The ME, PT and DT nodes are mounted in the same shell of the section block. The block section has an explosion-proof design.

The sensor body is made of a non-magnetic material and its cavity is filled with insulating mastic. The sensor is suitable for use in earths that are hazardous to gas and dust.

All nodes (except for the sound signal) indicated on the operator’s point and circled by a dotted line are placed in one control device, also having an explosion-proof design.

A power unit and a pulse shaper are placed in the separate section in a separate shell.

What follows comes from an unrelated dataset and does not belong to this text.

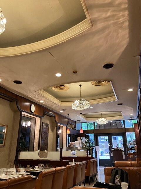 駅から少し歩いた人気店。ケーキセットでモンブランとホット珈琲のパウリスタオールド、スコーンとホットティーのアールグレイをチョイス!モンブランは大粒の栗とマロンクリームの深いコクと甘さが楽しめます。スコーンはクリームチーズとジャムが付きます。食べやすい温度に温めて提供されるのでグッド。クリームチーズの淡い酸味とジャムの強い甘味が楽しめます。パウリスタオールドは深煎りのストロングな味わいに魅了されます。アールグレイは香り豊かで爽やかな味わいに落ち着けます。お店は1階と2階があり、今回は2階へ。明るく広い店内はゆったりした雰囲気でBGMはジャズ。リー・モーガン“The Lady”のトランペットに痺れます。壁には、パンフレットでも紹介されている大きな絵が飾られていて歴史に触れることができます。レトロな喫茶店で時代を感じる深い味わいを堪能することができました。

9 wires are laid between the sections: two for signaling transmission, three for internal communication, two for sending forwarding pulses and two for power. Supply voltage 36 V, 50 Hz. Maximum current of one sensor is 0.2 a. Since normally half of all sections of the unit are pushed in and half extended, the average sensor current will be 0.15 a.

The maximum allowable distance from the support to the operator with a TVS type cable can be up to 6 km.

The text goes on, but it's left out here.